About this task:
From the listing below, give again exactly the lines from the line with "Jevgenij Lalenkov (RUS)" to the line with "(Drymophila ferruginea) fotografado", ends included, without any pictures.
** Available data follows **
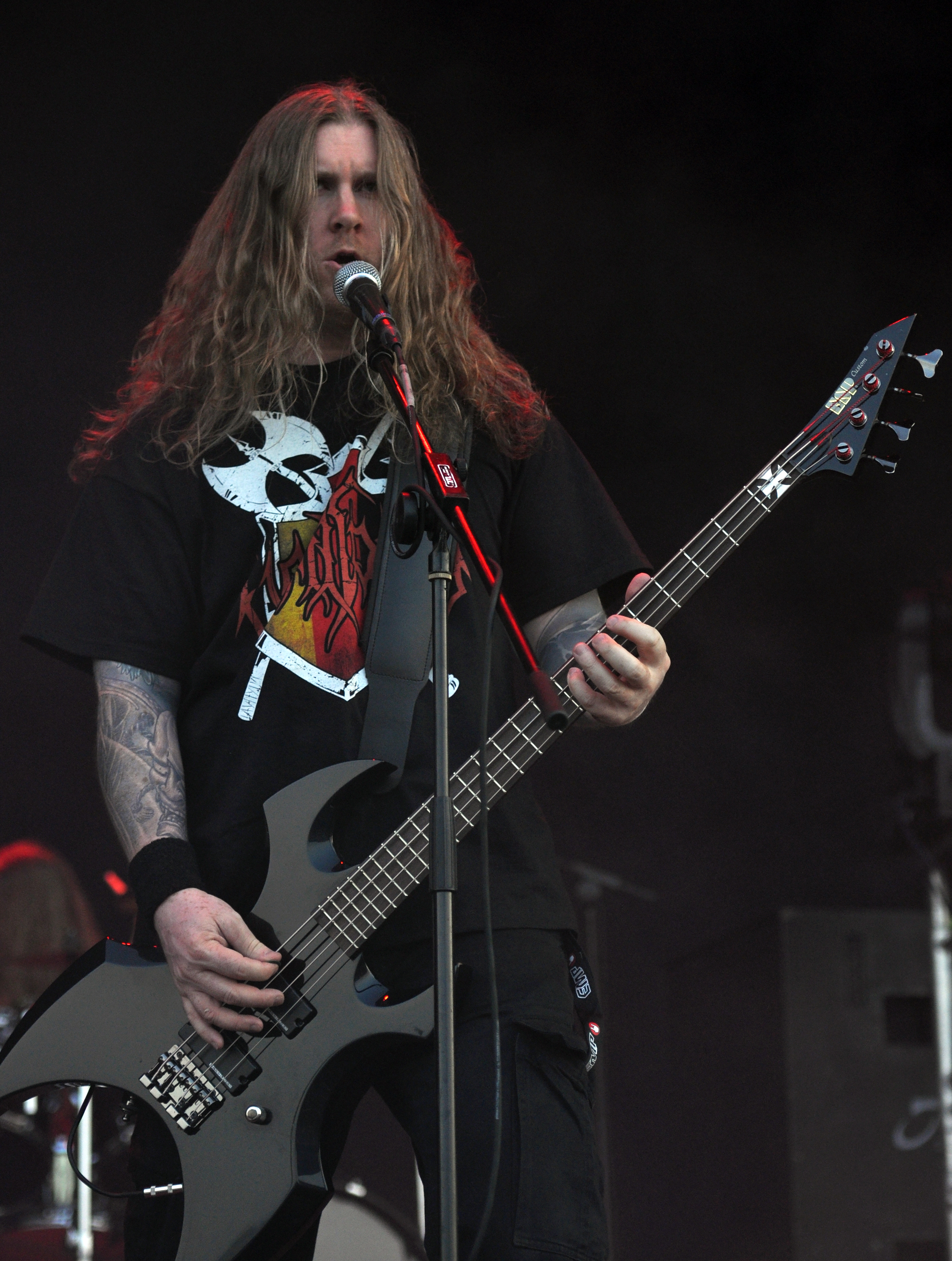 Vomitory at Party.San Metal Open Air 2013
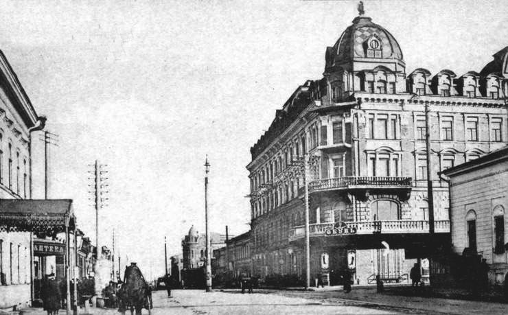 Panskaya Street in Samara, pre-1917 posrcard Flickr data on 2011-08-13 Tags: Old picture, Street, Samara, posrcard, Russian Empire License: CC BY-SA 2.0 User: paukrus Ruslan
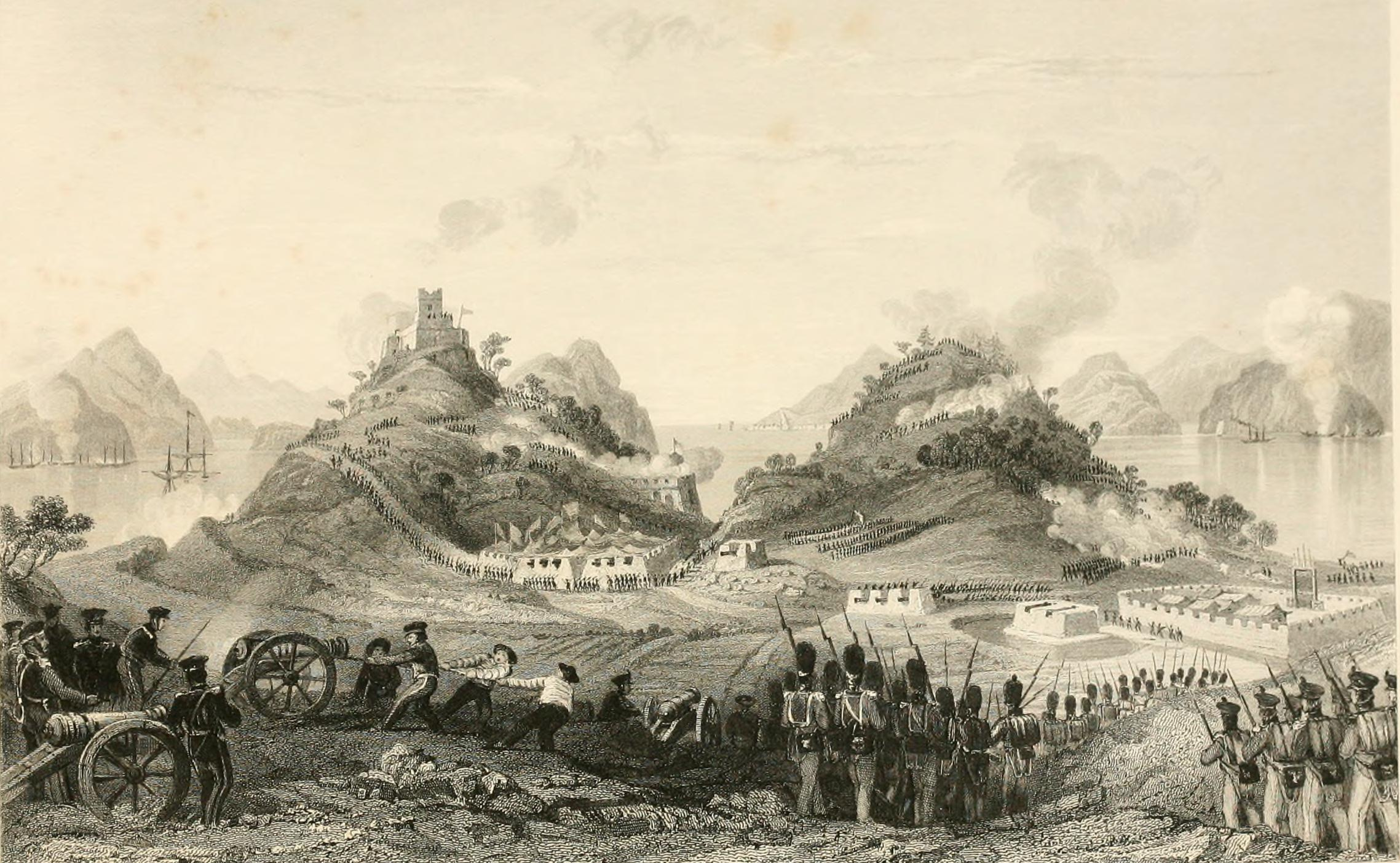 Attack and capture of Chuenpee, near Canton.
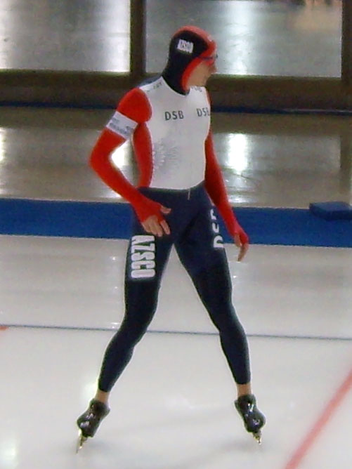 Jevgenij Lalenkov (RUS) befor 1000 meters world cup speedskating race in Berlin, Germany.
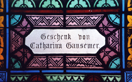 Photo by Joe Schallan, 2003.
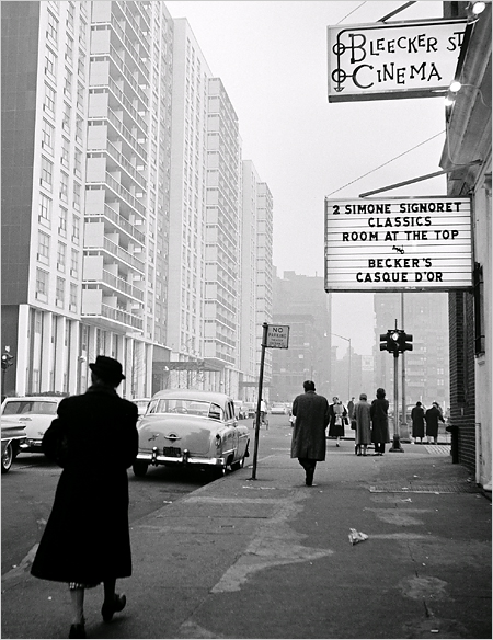 The Bleecker Street Cinema, a beloved theater that closed in 1990. The Washington Square Village apartment complex in the back. (By Robert Otter). Source and original caption: "The Bleecker Street Cinema, located on Bleecker near LaGuardia Place (photo: Robert Otter)"
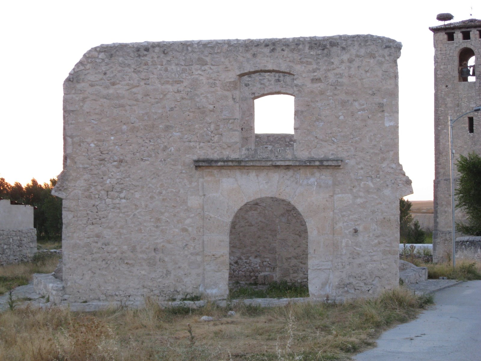 Old House Ruins
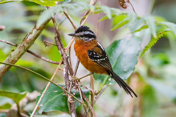 "Trovoada (Drymophila ferruginea) fotografado em Afonso Claudio, Espírito Santo - Sudeste do Brasil. Bioma Mata Atlântica. Registro feito em 2013. ENGLISH: Ferruginous Antbird photographed in Afonso Claudio, Espírito Santo - Southeast of Brazil. Atlantic Forest Biome. Picture made in 2013."
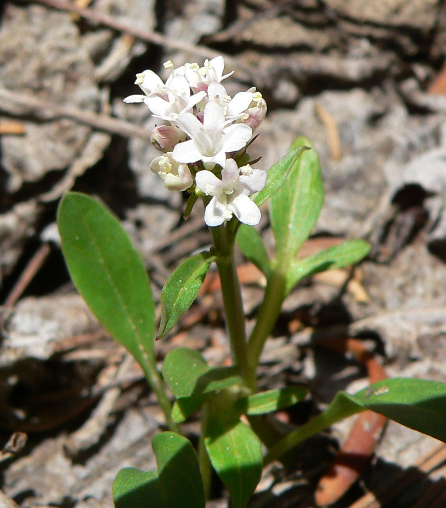 Valeriana acutiloba var. pubicarpa in Lee Canyon alongside the Bristlecone Trail near the trailhead, Spring Mountains, southern Nevada (elev. about 2700 m)
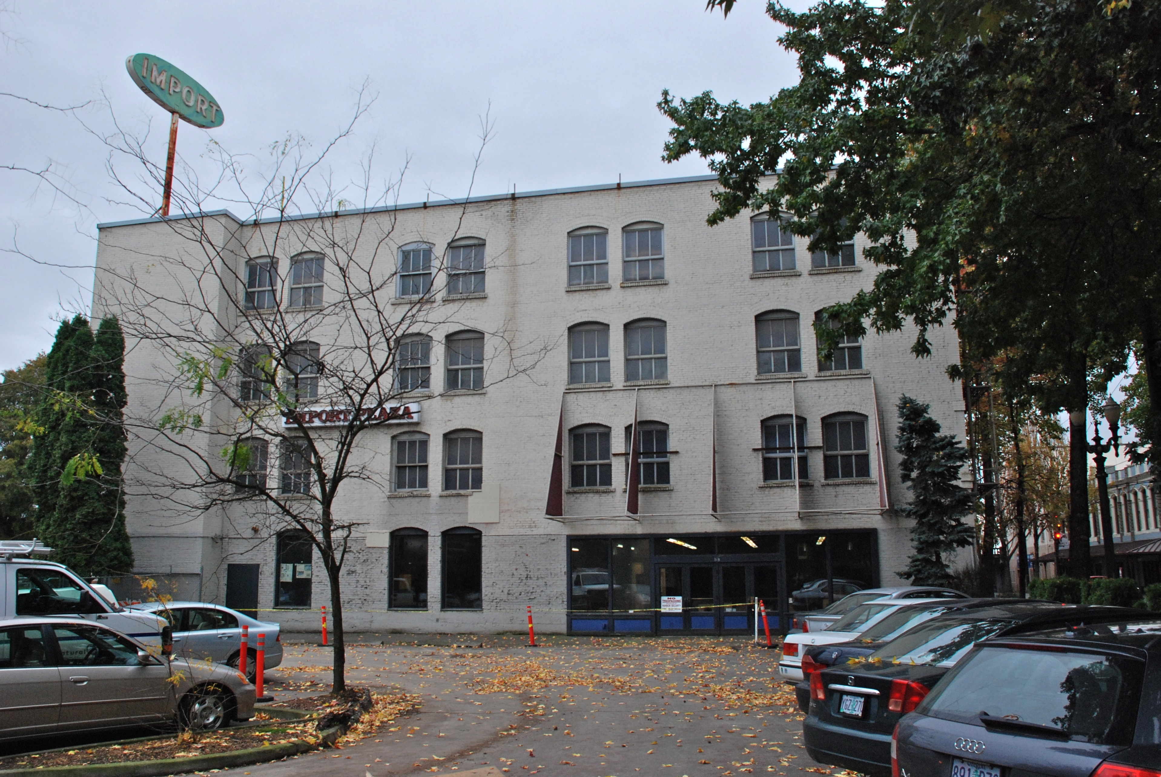 The former Import Plaza store (first and main location of chain), in Portland, Oregon, viewed after its closure (in 2000). The building had been vacant for years, and yet at the time of this photo, the rooftop neon sign was still continuously rotating on its post, reading "Import" on one side and "Plaza" on the other. In 2011–12, the building was renovated to become the new home of the Oregon College of Oriental Medicine (OCOM), completed in June 2012, and the rooftop sign now reads "OCOM".
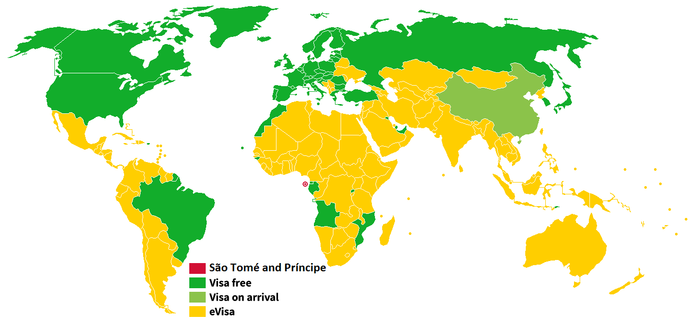 Visa policy of São Tomé and Príncipe São Tomé and Príncipe Visa free Visa on arrival eVisa
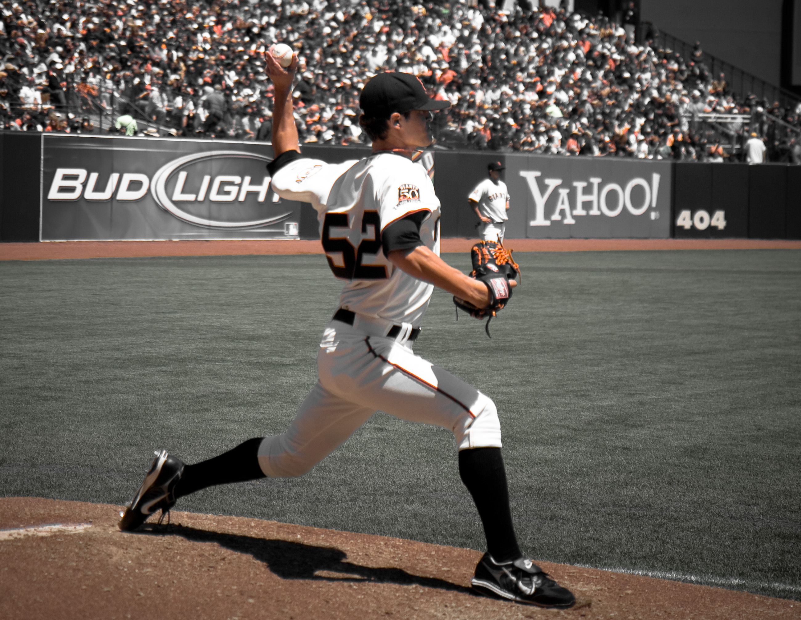 Alex Hinshawgiants pitcher warming up at at&t park
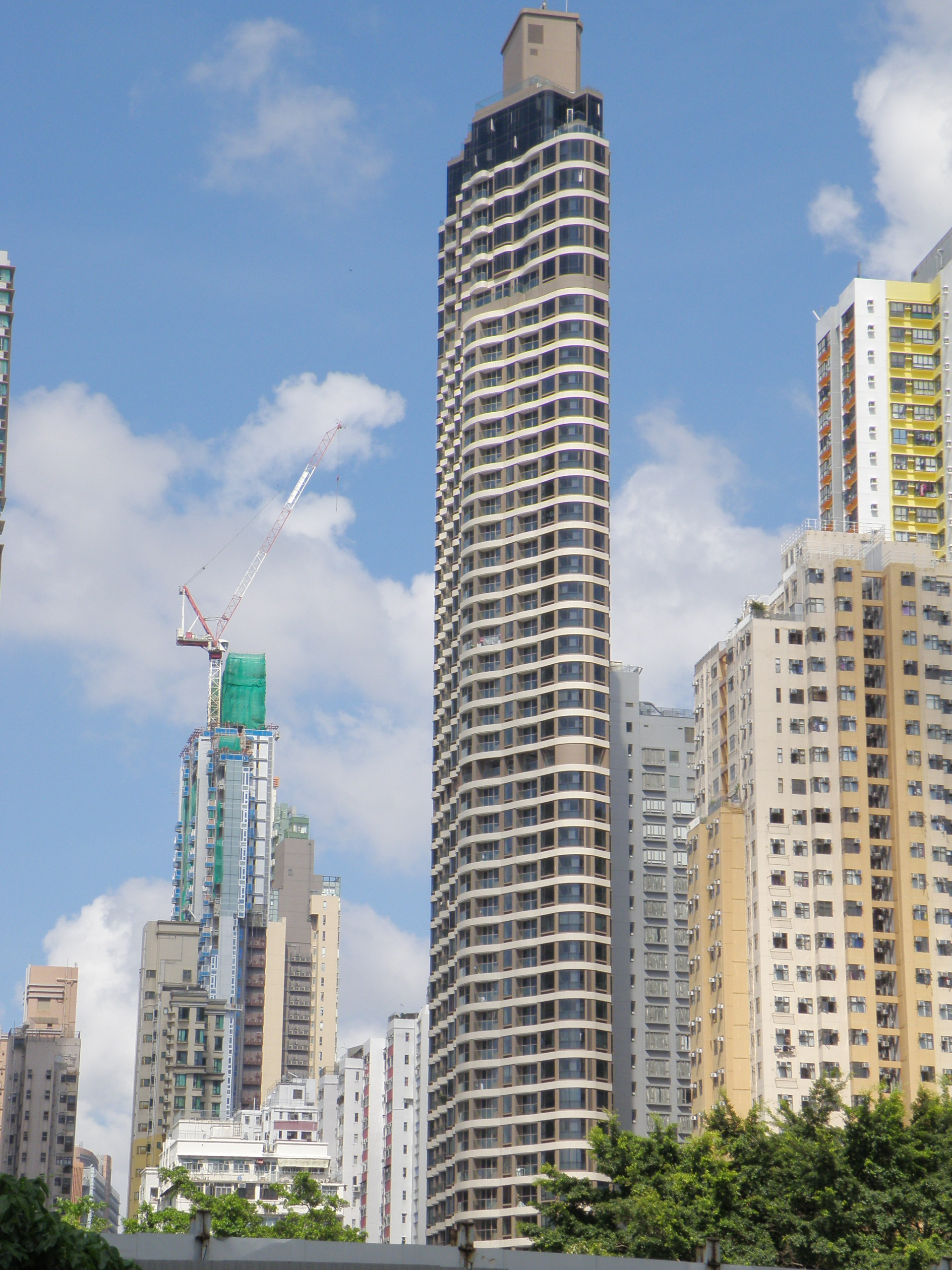 Cadogan in Kennedy Town, Hong Kong.
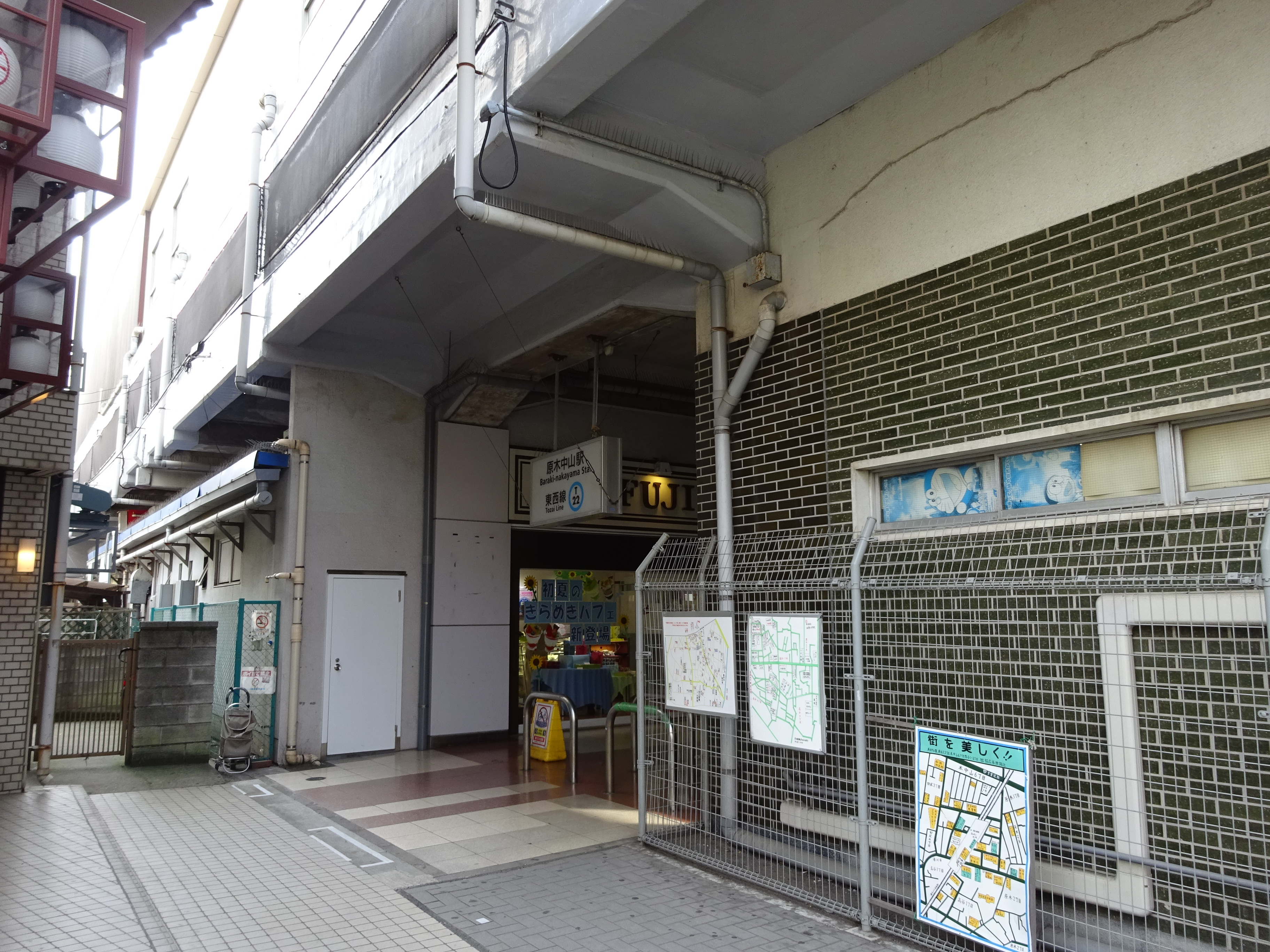 South entrance of Baraki-Nakayama Station
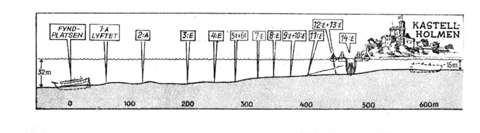 Successive rising of Swedish warship Vasa year 1959
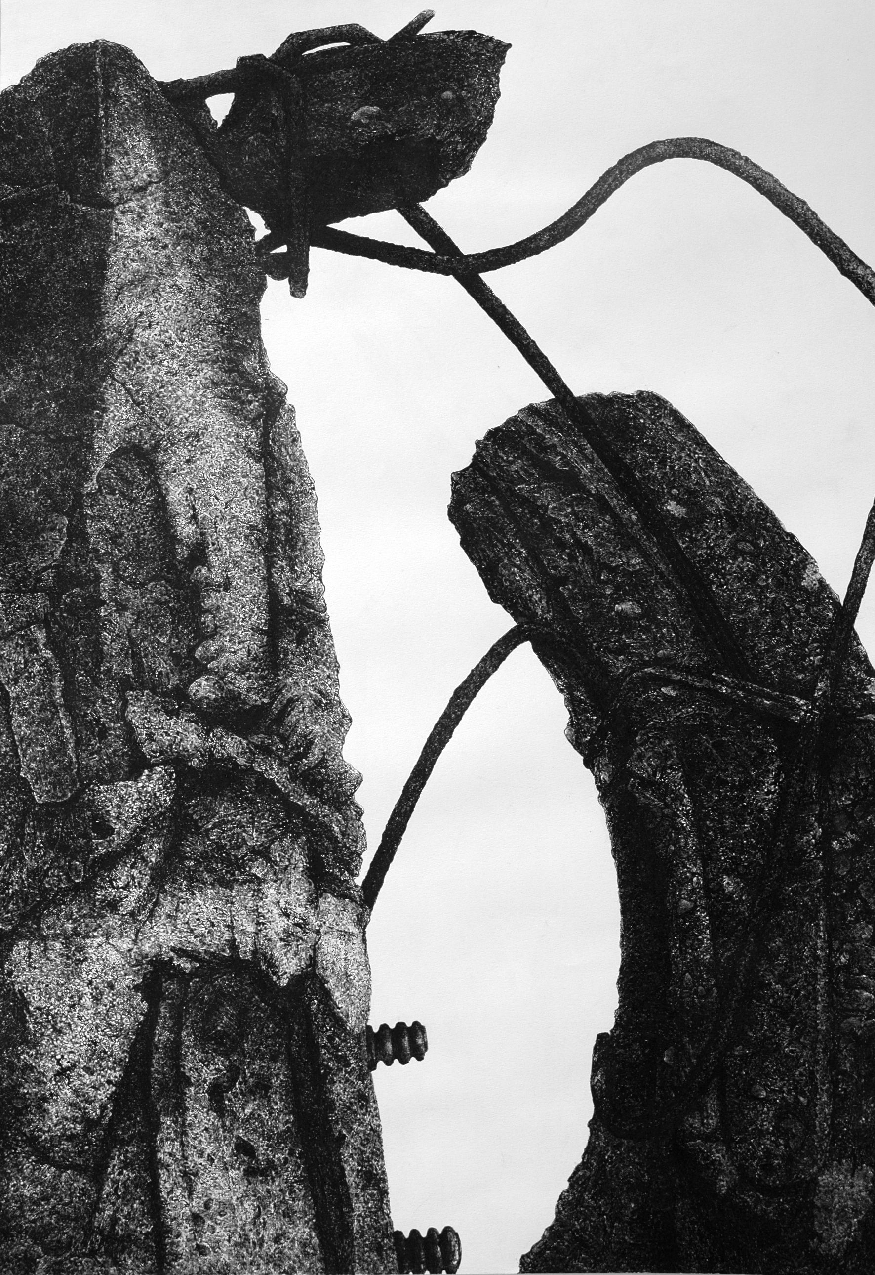 Paweł Warchoł - Hiob’s Moaning (3).
** End of Available data **
Reply:
 Jevgenij Lalenkov (RUS) befor 1000 meters world cup speedskating race in Berlin, Germany.
 Photo by Joe Schallan, 2003.
 The Bleecker Street Cinema, a beloved theater that closed in 1990. The Washington Square Village apartment complex in the back. (By Robert Otter). Source and original caption: "The Bleecker Street Cinema, located on Bleecker near LaGuardia Place (photo: Robert Otter)"
 Old House Ruins
 "Trovoada (Drymophila ferruginea) fotografado em Afonso Claudio, Espírito Santo - Sudeste do Brasil. Bioma Mata Atlântica. Registro feito em 2013. ENGLISH: Ferruginous Antbird photographed in Afonso Claudio, Espírito Santo - Southeast of Brazil. Atlantic Forest Biome. Picture made in 2013."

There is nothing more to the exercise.